_Description of the task_
Before anything else, drop the pictures; then return exactly the lines from the top of the listing through the line with "라이노 인증 프로그램입니다.".

_Available data_

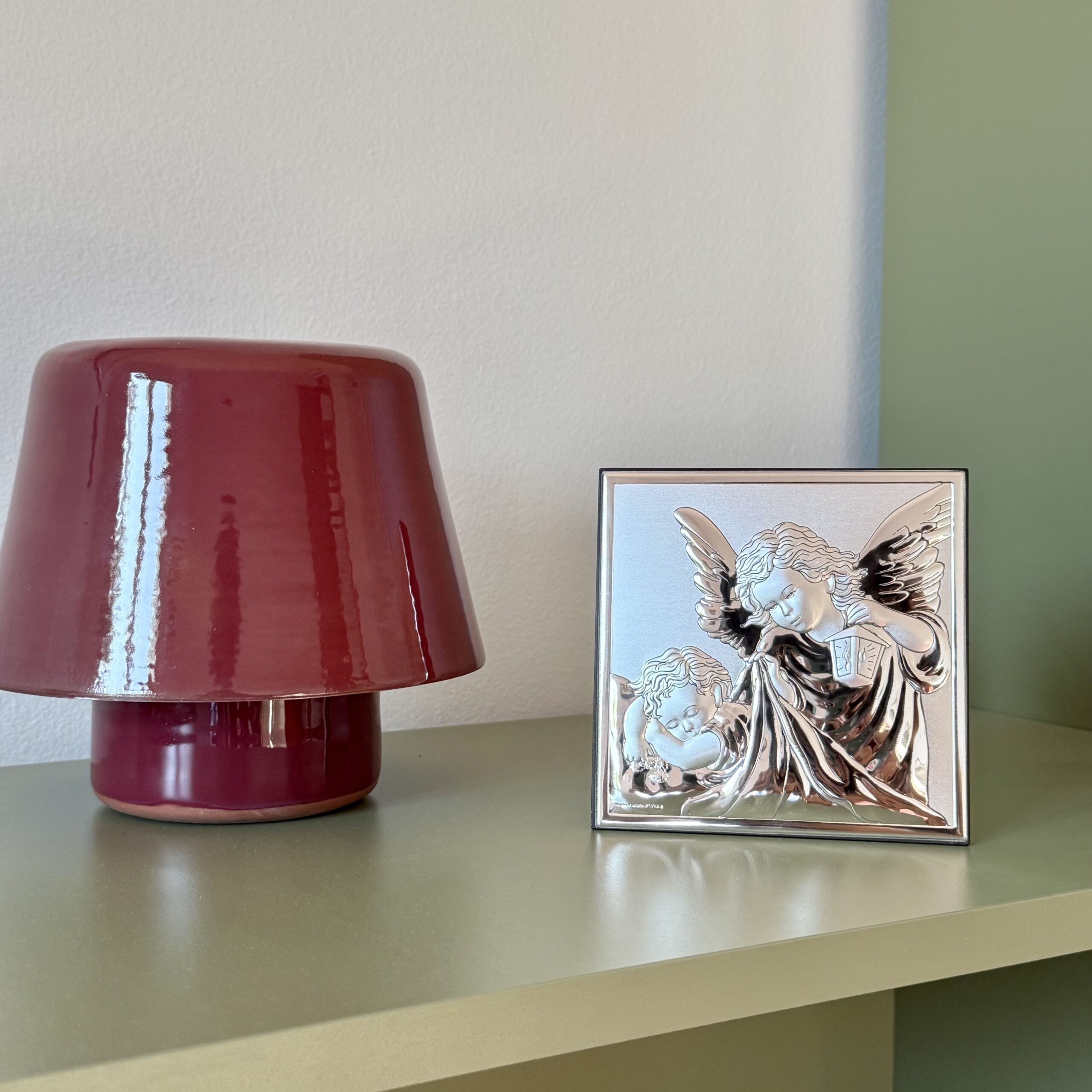 El primer modelo, de formato cuadrado (12 cm x 12 cm), muestra a un ángel alado que observa con ternura a un niño dormido. La escena evoca la vigilancia constante y amorosa del ángel custodio. El ángel sostiene una lámpara, símbolo de guía y protección en la oscuridad, mientras el niño reposa en calma, acompañado de flores en sus manos, signo de inocencia y pureza.
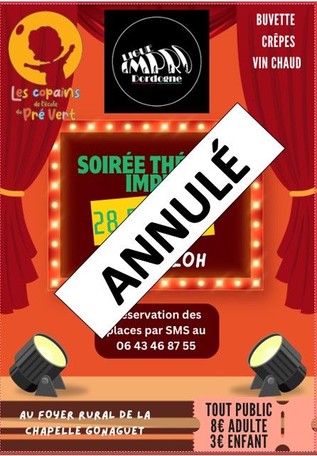 L’association des Copains de l’école du Pré Vert vous invite à une soirée théâtre d’improvisation / cabaret, en compagnie de la Ligue d’impro de Dordogne.
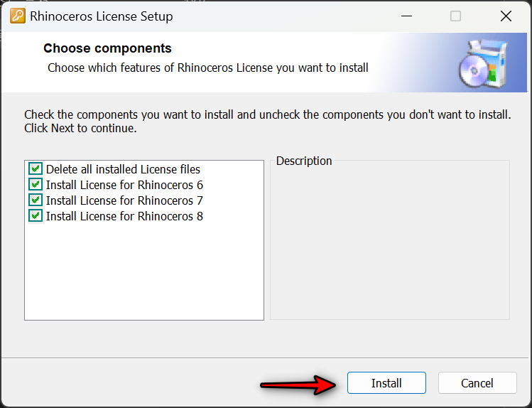 라이노 인증 프로그램입니다. Install을 클릭해서 라이노8 크랙을 설치합니다.
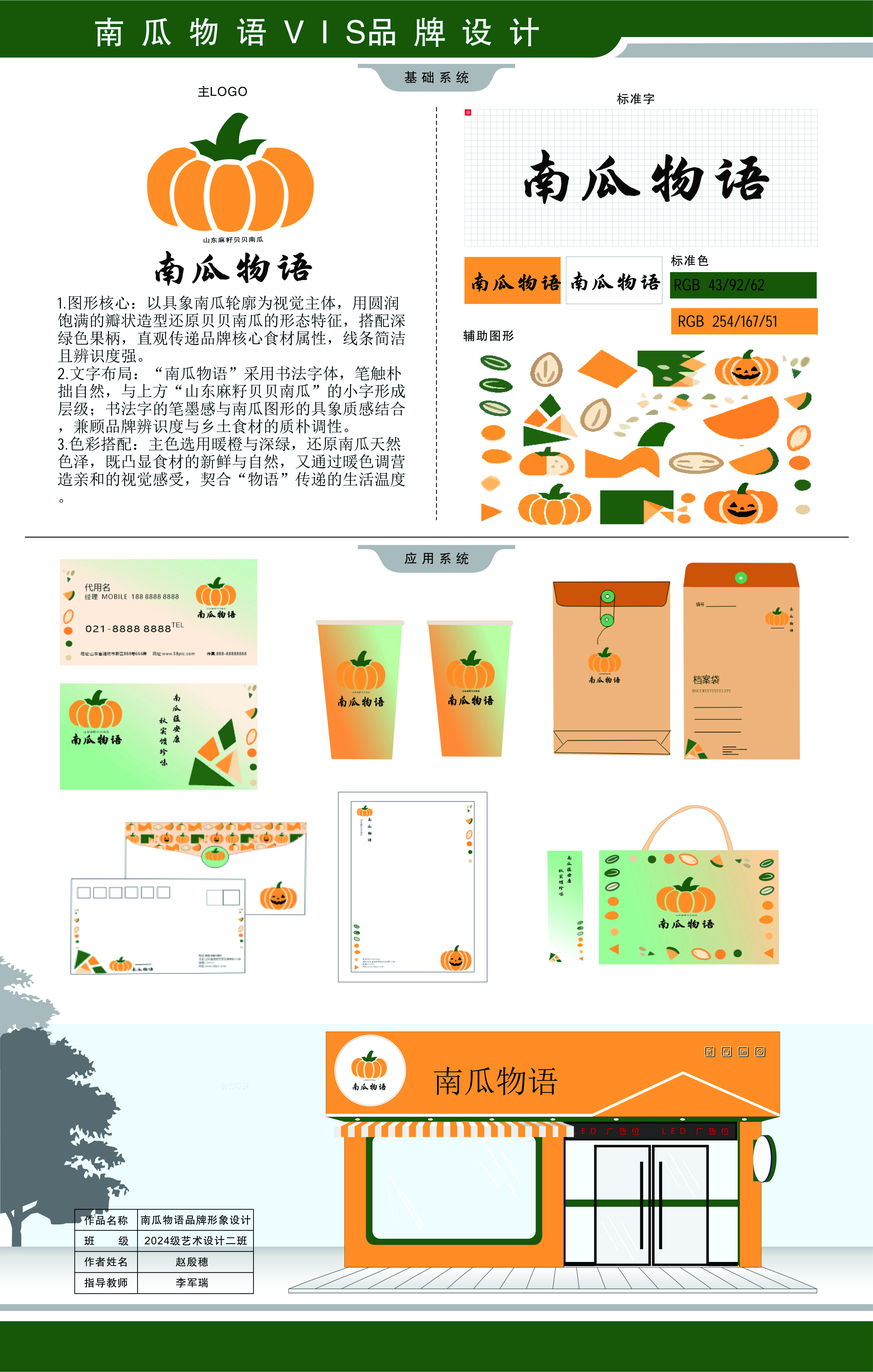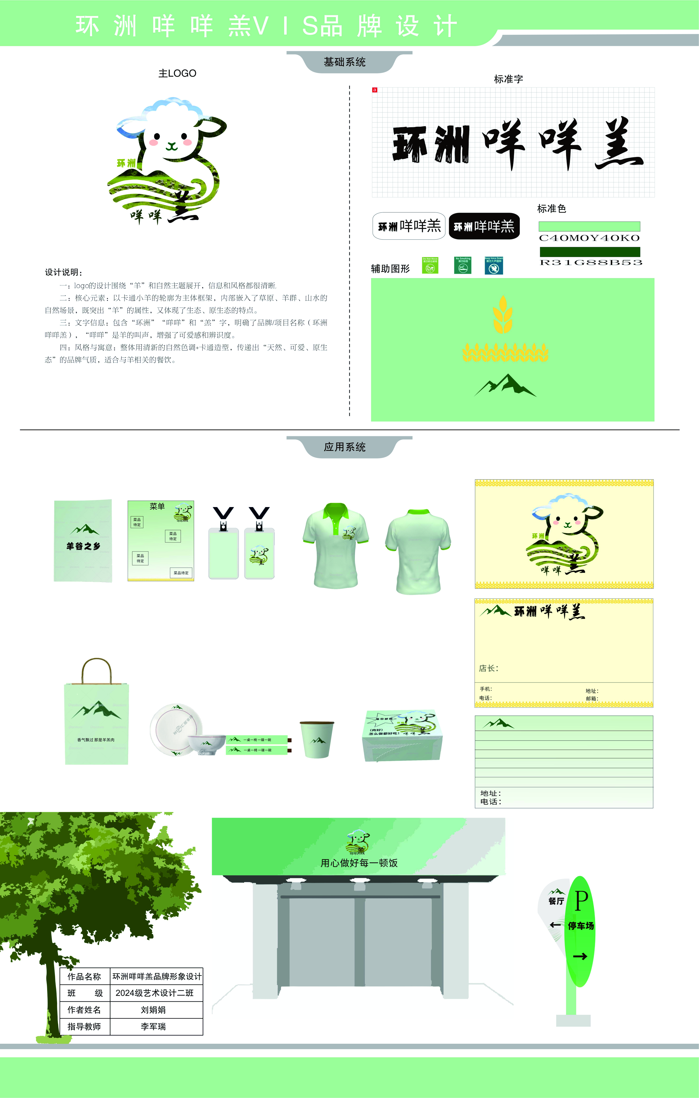 标志与 VI 设计作为艺术设计专业的核心课程,既是对视觉语言的系统训练,更是对 “实用美学” 理念的深度践行。在课程教学中,我们始终坚守 “以能力为本位、以实践为导向” 的培养原则,引导学生跳出纯艺术的桎梏,将市场需求、品牌逻辑与设计创意相结合。从品牌定位的调研分析,到标志图形的反复打磨;从基础系统的规范制定,到应用场景的落地适配,学子们在一次次草图修改、一轮轮方案论证中,不仅掌握了版式设计、色彩搭配、软件操作等专业技能,更学会了用设计思维解决实际问题,理解了 “设计为生活服务、为品牌赋能” 的深层内涵。 作品以农文旅融合为主旨,选题大多以农产品品牌设计为主。凝结着文化旅游系2024级艺术设计专业一二班学子们匠心与创意。或许它们尚显青涩,却饱含着对设计的热忱与思考:有的以极简线条传递品牌核心价值,有的用多元色彩诠释年轻活力,有的将传统文化元素融入现代设计语境,有的则聚焦可持续发展理念打造绿色视觉体系。这些作品背后,是他们熬夜绘制的草图、反复调整的参数、深入市场的调研,更是对 “精准表达、有效沟通” 设计原则的不懈追求。每一套 VI 设计,都承载着学子们对品牌形象的完整构想 —— 从标志到名片、从包装到环境导视,层层递进的视觉体系,展现着他们对设计规范性与系统性的理解,也彰显着高职院校艺术设计教育 “知行合一” 的鲜明特色。

_Response for this exercise_
 El primer modelo, de formato cuadrado (12 cm x 12 cm), muestra a un ángel alado que observa con ternura a un niño dormido. La escena evoca la vigilancia constante y amorosa del ángel custodio. El ángel sostiene una lámpara, símbolo de guía y protección en la oscuridad, mientras el niño reposa en calma, acompañado de flores en sus manos, signo de inocencia y pureza.
 L’association des Copains de l’école du Pré Vert vous invite à une soirée théâtre d’improvisation / cabaret, en compagnie de la Ligue d’impro de Dordogne.
 라이노 인증 프로그램입니다. Install을 클릭해서 라이노8 크랙을 설치합니다.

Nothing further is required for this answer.